The Massachusetts Department of Environmental Protection has taken the step of adding nanomaterials to the list of emerging contaminants of concern. In 2007, the Massachusetts Department of Environmental Protection joined with other Massachusetts agencies, the Department of Public Health, Division of Occupational Safety, Office of Technical Assistance, Toxic Use Reduction Institute and the Office of Business Development, to establish the Massachusetts Interagency Committee on Nanotechnology. To this point the Committee has had some workshops and continues to gather information on how to promote the safe development of nanotechnology in Massachusetts. Recently the Massachusetts Office of Technical Assistance (MOTA) released a guidance document "Nanotechnology -- Considerations for Safe Development," with recommendations on how to enhance the safety of nanotechnology.
Two states, Pennsylvania and South Carolina have taken similar steps by identifying nanoparticles as "emerging chemicals of concern." This provides the states with an opportunity to further evaluate nanoscale materials and allow them to take action based on risks associated with the use or disposal of these substances.

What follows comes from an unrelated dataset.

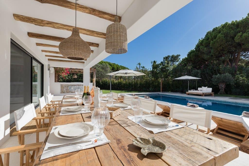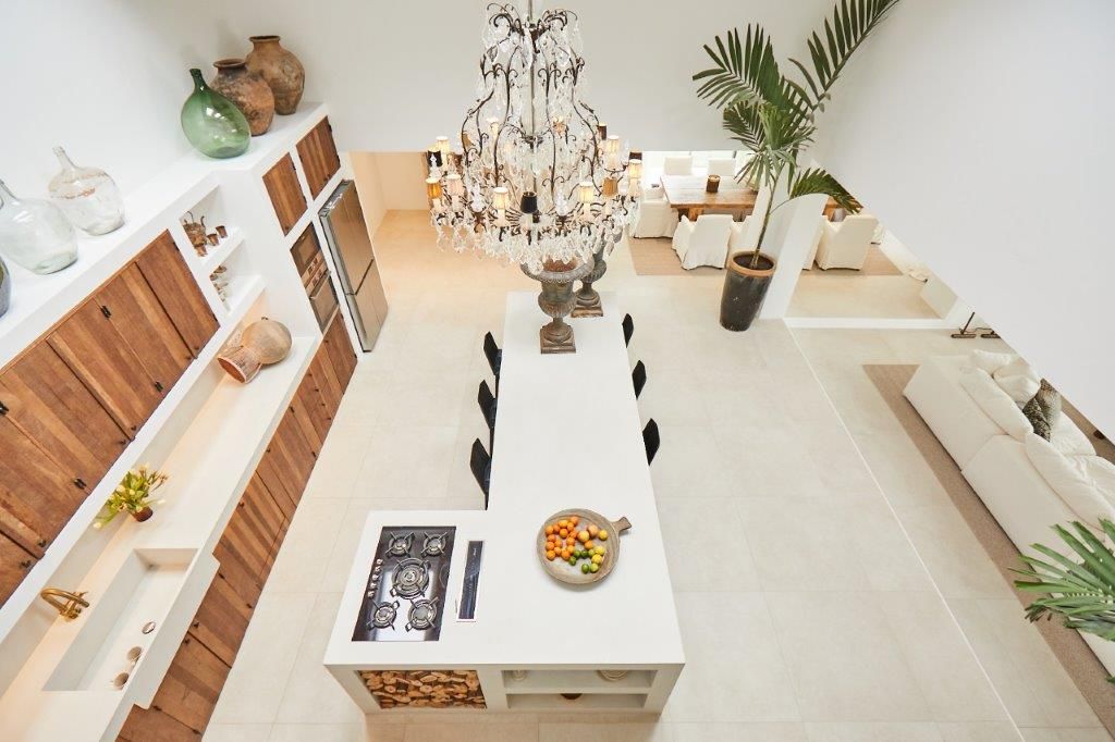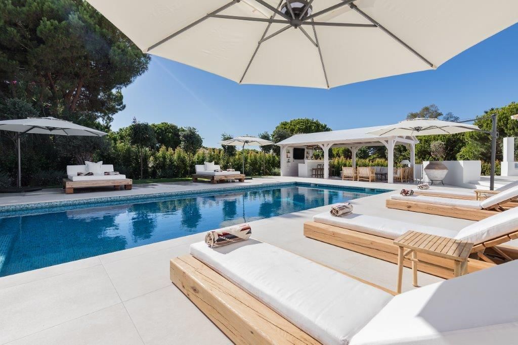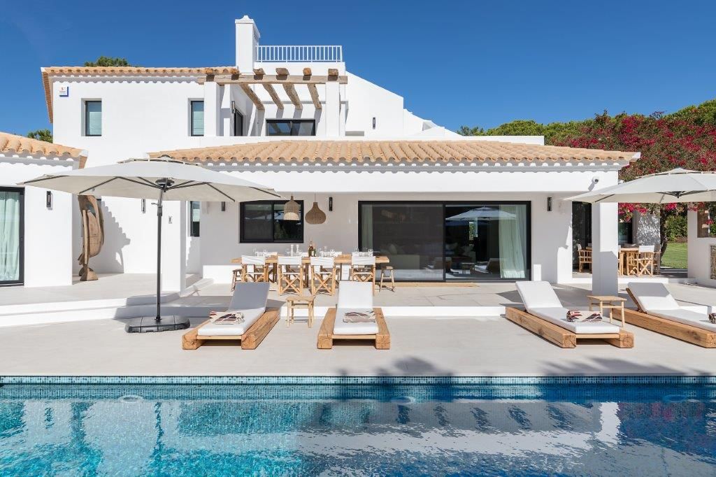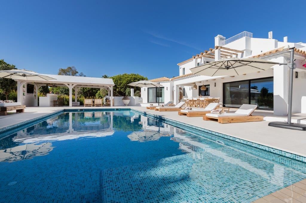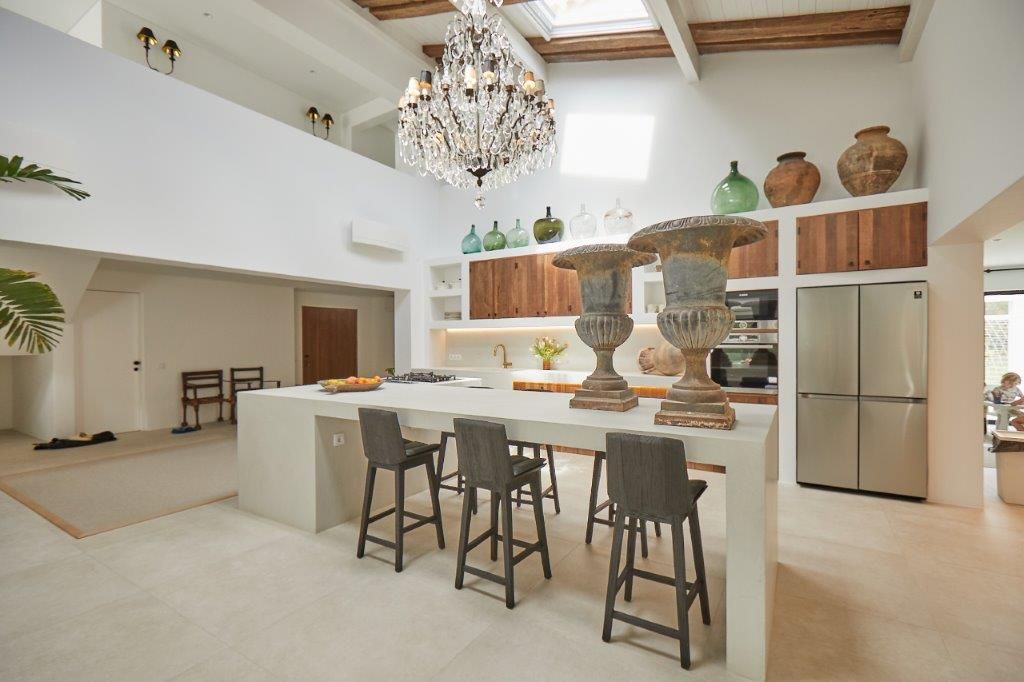Entering this fantastic Villa you will find an grand entrance hall that leads to two comfortable lounge areas as well as to the beautiful and well equipped kitchen. There is an abundance of sun light provided by the fabulous skylights and the floor to ceiling windows that surround the living and dining area open through to outside where you have a living area and salt water pool.

The Washington Department of Ecology also considers nanomaterials an emerging contaminant of concern. While not yet taking any specific regulatory action involving nanomaterials, the state has revised the manual used by hazardous waste inspectors to include collection of specific information on nanomaterials. Largely a data-gathering effort at this point, the information will be used to inform regulatory officials as they determine an appropriate course of action for nanomaterials.
Wisconsin is also trying to gather information through proposed legislation designed to create a nanomaterial registry of specific nanoscale substances and products containing nanomaterials. The legislation has been proposed several times over the last few years and proponents are confident that it's only a matter of time before a bill gets passed. Since registries are generally meant to be used for some purpose one can only assume that once such a reporting mechanism is put in place that regulators will find a use for it.
All Politics Are Local
It's important not to underestimate the collective power of the states. Regulatory approaches don't need to be the same in each state to have a collective effect on the further growth and development of nanomaterials. When stakeholders (producers, government and the public) are out of sync, regulatory steps by state and federal officials are to be expected. In today's regulatory climate, producers and users of nanomaterials can expect to be more deeply engaged in the safety debate than ever before. With so many unanswered questions on the safe use of nanomaterials the chorus of those expressing concern about potential risks will grow louder and the delicate balance of science and politics will tip toward office-holders reacting to emotional arguments made by vocal constituents. The result is inevitable -- legislation and regulation.